I would like to get about 20 in my 150 gal,


----------



## bluejack23 (Jan 23, 2012)

You have listed a very broad list of cichlids you have many different stocking optiions for your 150 but im afraid having 20 cichlids in this tank is a bit unreasonable. I would pick a favorite fish or 2 and go from there to see what stocking options you have for certain fishr


----------



## tedf (Jul 29, 2012)

i would like to have a firemouth, Electric blue Jack Dempsey, convict, red terror, Salvini, and an oscar or two.


----------



## montellp (Jun 9, 2012)

electric blues shouldnt be in with really aggresive a normal jd could


----------



## Boldstone (Sep 14, 2007)

The oscars wouldn't fit for long, maybe by themselves with one dither or two.


----------



## tedf (Jul 29, 2012)

so no oscars at all?


----------



## bluejack23 (Jan 23, 2012)

Oscars get huge and 2 would claim the entire tank and then some.


----------



## tedf (Jul 29, 2012)

i was doing some research in the profiles section, every cichlid that was on that list each one has their own req and their all different, and most are highly aggressive. Im more confused now that i was before. I want to get 2 to start the tank but donn which ones?


----------



## bluejack23 (Jan 23, 2012)

If you pick a favorite well help you stock around it. It can be very confusing sometimes.


----------



## tedf (Jul 29, 2012)

Flame mouth or red terror


----------



## bluejack23 (Jan 23, 2012)

Fire mouth arent as agressive so lets start there.
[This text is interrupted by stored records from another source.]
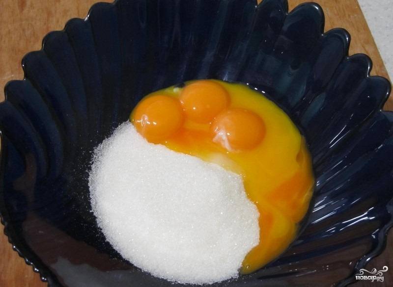 2. Желток отделяем от белка, отправляем его в миску, к нему всыпаем сахар. Просеиваем муку, порционно добавляем ее, вымешиваем тесто.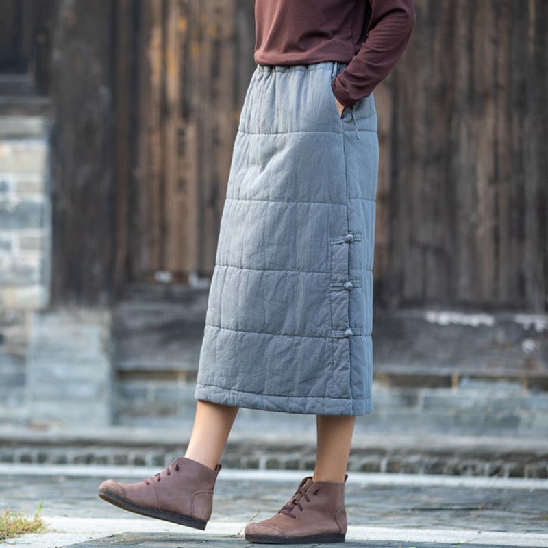Johnature женские винтажные хлопковые льняные юбки с эластичной резинкой на талии однотонная одежда осень-зима плюс хлопковые теплые юбки на пуговицах One Size серый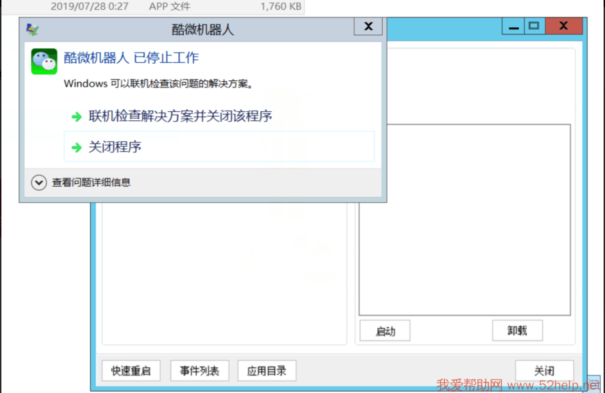 酷微新版开发环境启动时出现酷微微信机器人已停止工作,如下图所示
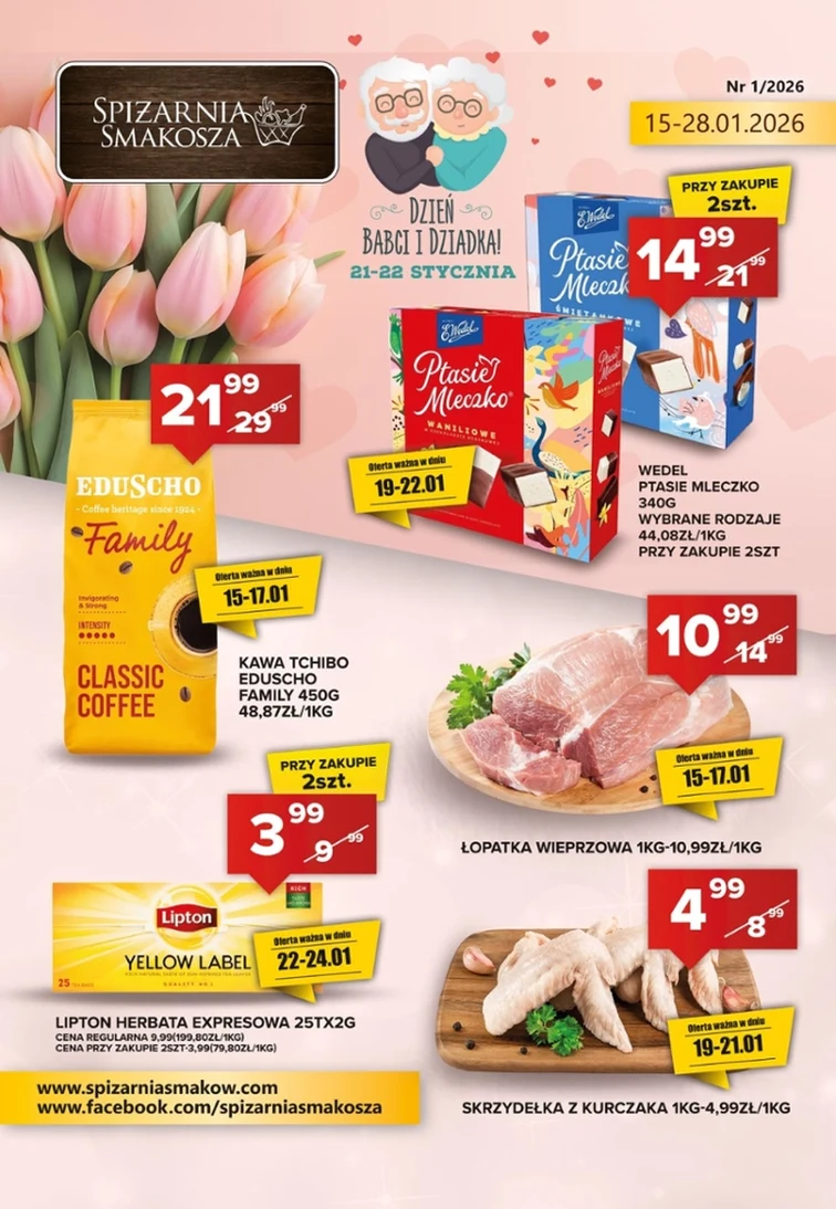 Sprawdź rabaty Spiżarnia smakosza w gazetce promocyjnej. Oferta obowiązuje od 2026-01-15 do 2026-01-28. Promocja obejmuje: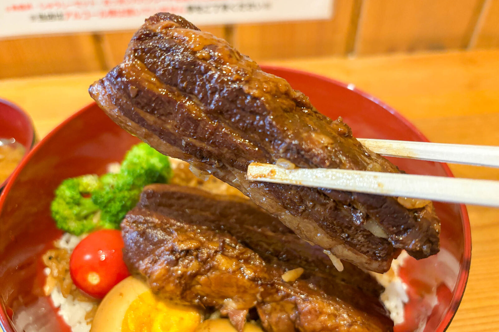 今回は大盛りを頼んだので角煮が2本も乗っていてボリューム満点!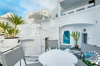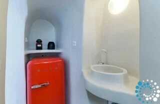 Each of the two elegant bedrooms is thoughtfully designed to offer both comfort and privacy, featuring its own private outdoor entrance and a stylish en-suite bathroom. Ideally located within walking distance of Fira’s vibrant center, guests can easily explore a wide selection of restaurants, bars, museums, and local supermarkets, experiencing the lively charm of Santorini at their own pace.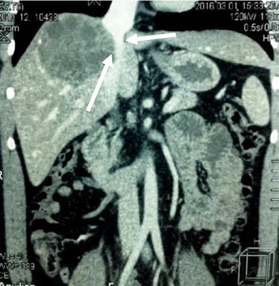 Для дальнейшего углубленного обследования и определения тактики лечения переведен в клинику военно-морской хирургии Военно-медицинской академии имени С.М. Кирова. В клинике выполнено комплексное клинико-лучевое обследование. При мультиспиральной компьютерной томографии (МСКТ) головы, грудной клетки, брюшной полости подтверждено наличие эхинококковой кисты правой доли печени около 10 см, которая сдавливает нижнюю полую вену (рис. 2, 3). В других органах и тканях эхинококк не выявлен. Пациент проконсультирован паразитологом – выставлен диагноз: эхинококковая киста печени.
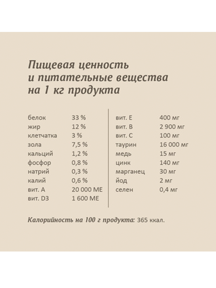 | Пищевая ценность | сырой белок 34%, сырой жир 12%, сырая клетчатка 3%, сырая зола 7%, кальций 1,3%, фосфор 0,8%, натрий 0,3%, калий 0,6% |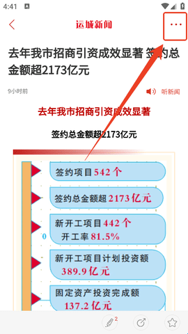 1、我们进入到新闻阅读页后,直接点击右上角三个点按钮。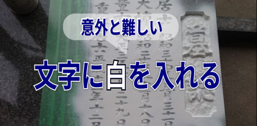 お墓の文字に色を入れるという話題です。特に白色は難しいです。 お墓の文字彫刻をした時、一つのルールがあります。正面の大きな文字、「○○家の墓」とかお題目とかが彫刻されている文字ですね。これは基本色を入れないことが多いです。文字に色を入れるの...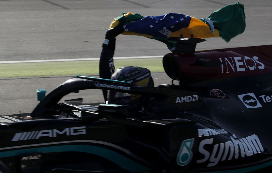 Formula One F1 – Brazilian Grand Prix – Jose Carlos Pace Circuit, Sao Paulo, Brazil – November 14, 2021. Mercedes’ Lewis Hamilton celebrates winning the race REUTERS/Amanda Perobelli.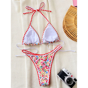 Sbocciate in questa stagione con un set bikini con stampa floreale che incarna lo spirito dell'estate. Pensato per le donne che adorano le fantasie vivaci, questo due pezzi presenta un taglio brasiliano per esaltare le vostre curve e un top con cavezza per fornire un sostegno regolabile. Perfetto per prendere il sole, questo bikini è una celebrazione del divertimento e della femminilità, disponibile nelle taglie dalla S alla XL.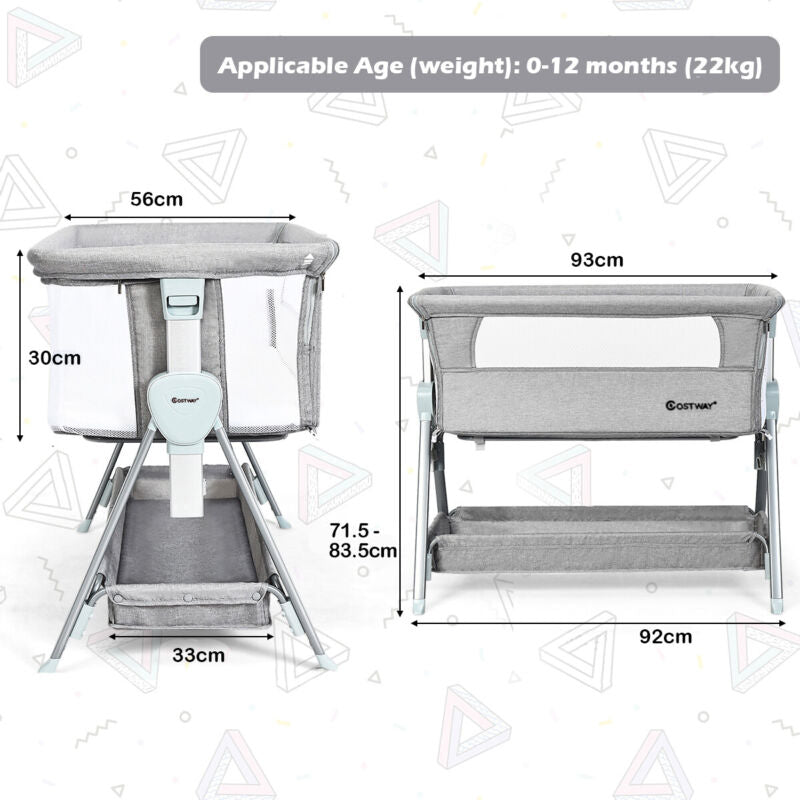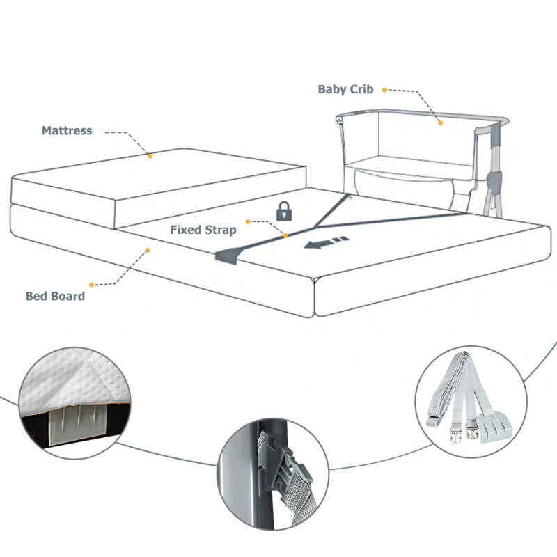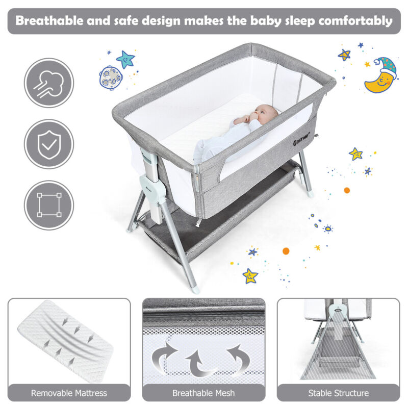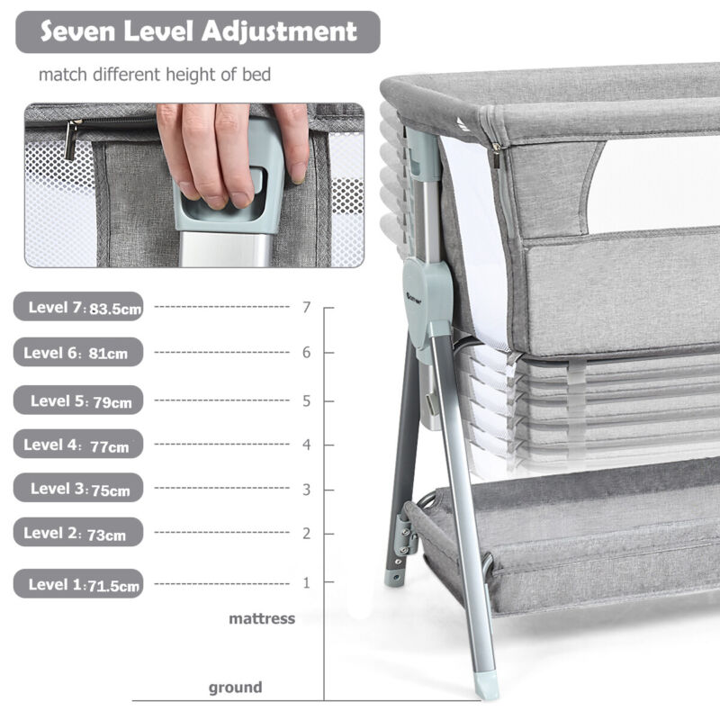 Baby Bedside Crib Portable Travel Cot Bed Mattress Mesh Co-sleeping with Wheels

I would add a jack dempsey, a nicaragua cichlid and possibly a convict. *** never had red tertor before so cant comment other than I hear they are mean.


----------



## tedf (Jul 29, 2012)

I read in the profile's that jack Dempsey's were highly aggressive, won't he take over the tank?


----------



## bluejack23 (Jan 23, 2012)

They are all aggressive


----------



## tedf (Jul 29, 2012)

4 sounds like a good start, how long should I wait bf I add a few more?


----------



## BIG_B (Aug 9, 2012)

I feel that wih the real agg. fish i like to get them in together pretty fast so they can grow together. Still pretty new to cichlids but has worked so far. JD arnt as agg. as some of the others you have listed but would only get one so they dont start to spawn. I also understand that spawning cons will destroy other fish so would stick to one. I like honduran red point instead of cons. More blue and better attitude


----------



## bluejack23 (Jan 23, 2012)

Have you thought of a mixed community tank with maybe a severum electric blue jd and maybe a few more mild tempered fish. I have a red spot sev, rotkeil sev, ebjd, firemouth, 5barbs in my 75


----------



## tedf (Jul 29, 2012)

which ones are the very - Highly aggressive ones, so i can avoid them..


----------



## tedf (Jul 29, 2012)

That sound like something I can do keep one or two aggressive and the rest non aggressive.


----------



## bluejack23 (Jan 23, 2012)

I would get the mild ones a bit larger than aggressive ones except for ebjds who need to be king of the tank in most cases


----------



## tedf (Jul 29, 2012)

I just got my pump today a 1200 gph, or should I have gotten a 1900 gph? I'm. Going to be filling the aquarium on Saturday and cycling after that. U have any advice or suggestion's?


----------